In 2005, the Oman government awarded Block 18 to Reliance. The block is spread over 18,000 square kilometres.
Chandra said Reliance has been actively pursuing petroleum exploration activities in the Middle East, Asia-Pacific region and South America.
Oman’s oil ministry and Gas said it had awarded another concession to the United Arab Emirates-based Rak Petroleum.
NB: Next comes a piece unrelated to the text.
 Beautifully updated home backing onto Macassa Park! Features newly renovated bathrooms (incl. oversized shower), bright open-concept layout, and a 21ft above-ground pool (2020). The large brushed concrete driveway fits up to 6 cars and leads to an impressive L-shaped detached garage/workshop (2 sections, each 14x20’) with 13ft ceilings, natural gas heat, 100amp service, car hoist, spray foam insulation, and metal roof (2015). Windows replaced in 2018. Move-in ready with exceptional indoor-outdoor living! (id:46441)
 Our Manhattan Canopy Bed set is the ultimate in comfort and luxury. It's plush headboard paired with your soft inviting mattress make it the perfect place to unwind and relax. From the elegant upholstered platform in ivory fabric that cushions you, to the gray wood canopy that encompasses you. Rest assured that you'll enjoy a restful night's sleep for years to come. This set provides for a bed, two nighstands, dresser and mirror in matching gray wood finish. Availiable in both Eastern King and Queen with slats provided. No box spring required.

Block 30, an onshore concession spread over 1,185 sq km (457.6 sq miles), lies in country’s south.
Last week Iraq’s Kurdish Regional Government (KRG) said it had awarded two onshore blocks to Reliance.
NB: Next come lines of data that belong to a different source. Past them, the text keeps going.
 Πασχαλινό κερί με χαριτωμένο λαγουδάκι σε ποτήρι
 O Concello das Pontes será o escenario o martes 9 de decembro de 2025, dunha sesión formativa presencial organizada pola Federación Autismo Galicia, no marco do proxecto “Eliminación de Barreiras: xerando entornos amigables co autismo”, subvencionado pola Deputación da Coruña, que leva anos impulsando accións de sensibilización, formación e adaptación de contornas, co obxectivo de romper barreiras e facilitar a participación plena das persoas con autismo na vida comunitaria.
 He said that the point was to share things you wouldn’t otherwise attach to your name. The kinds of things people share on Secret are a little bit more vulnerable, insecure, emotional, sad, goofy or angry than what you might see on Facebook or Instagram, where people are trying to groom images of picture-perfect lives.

Chandra said the firm will soon start exploration activities on the two Kurdish blocks, Rovi and Sarta.
Asked if Reliance paid signing bonus of $15.5 million-$17.5 million, as reported in the Indian press, for acquiring exploration licence for the two Kurdish blocks, Chandra said: “We have not paid any signature bonus to KRG so far. The amount quoted in the local media is incorrect.”
Reliance established a local office in Erbil in 2006 and has undertaken extensive geological work over the past year in Kurdistan region, he said.
Reliance also owns exploration blocks in Yemen, East Timor, Australia and Colombia through its subsidiaries.